Norway’s Alexander Kristoff rounded the final turn toward home with a slight lead, churning for the finish, but Sagan sprinted up his right side to edge the Norwegian on the final extension at the finish.

An estimated 100,000 spectators watched the riders repeatedly try to establish a lead pack throughout the race which ended with 12 loops through the streets of Bergen, but no one could find a way to make a clean break. Sagan would bide his time in the peloton for much of the race.

Adding even more drama to an already thrilling road race, with 3km left France’s Julian Alaphilippe began pulling away from a bunched peloton, which kicked off the final lap en masse. With Alaphilippe appearing in control, the cameras shooting from the lead pack motorcycle lost power.

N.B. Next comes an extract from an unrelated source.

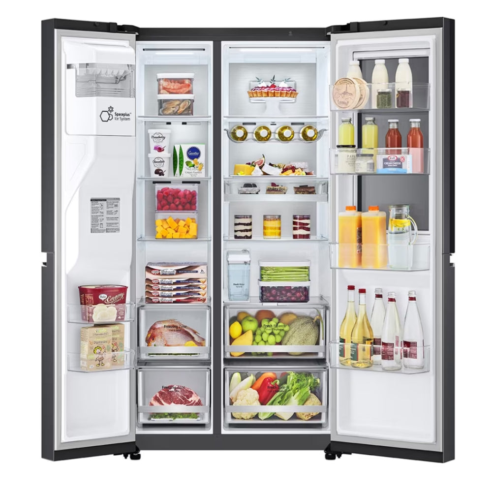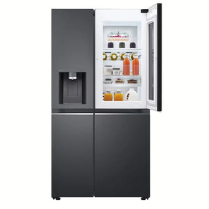 The LG Side-by-Side InstaView™ Refrigerator GR-X267CQEW offers a spacious 617-liter capacity with advanced cooling technology. Its InstaView™ feature allows you to see inside without opening the door, and UVnano™ technology keeps your water dispenser clean.

Television commentators and everyone watching on TV or online were left in the dark, waiting to catch a glimpse of the lead riders. Tension mounted while viewers were stuck looking at a road void of cyclists near one of the final turns toward the finish.

“Where are the riders at the front of this race!” lamented NBC’s Paul Sherwen.

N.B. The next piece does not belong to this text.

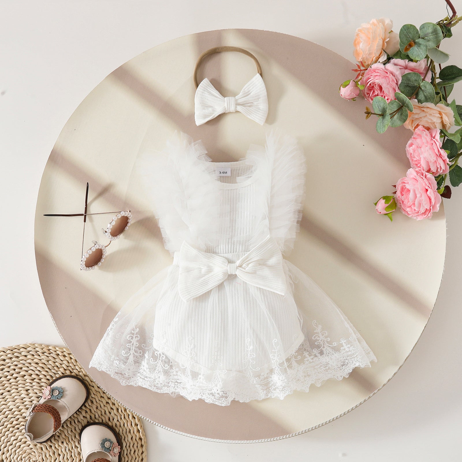 • Cargar imagen en el visor de la galería, Body vestido acanalado con volados de tul  y vincha

When the riders finally came into view, Alaphilippe was no longer in the lead, and 25-30 riders were jockeying for position as they rushed to the finish, but it was Sagan who would cross first in the end.

“For the last five kilometers, I said to myself, it’s already done. But it’s unbelievable. This is something special. You saw in the climb, we were in pieces. And at the finish, it all happened in seconds,” Sagan said after the race according to The Guardian.

“I want to dedicate this win to Michele Scarponi, it would have been his birthday tomorrow. And I want to dedicate this victory to my wife. We are expecting a baby.”

Italian cyclist Michele Scarponi was killed after being hit by a van while training near his home in Filottrano back in April. The loss was one that was felt across the entirety of the cycling world.

Michael Matthews of Australia finished the race in third.

Full results can be found here.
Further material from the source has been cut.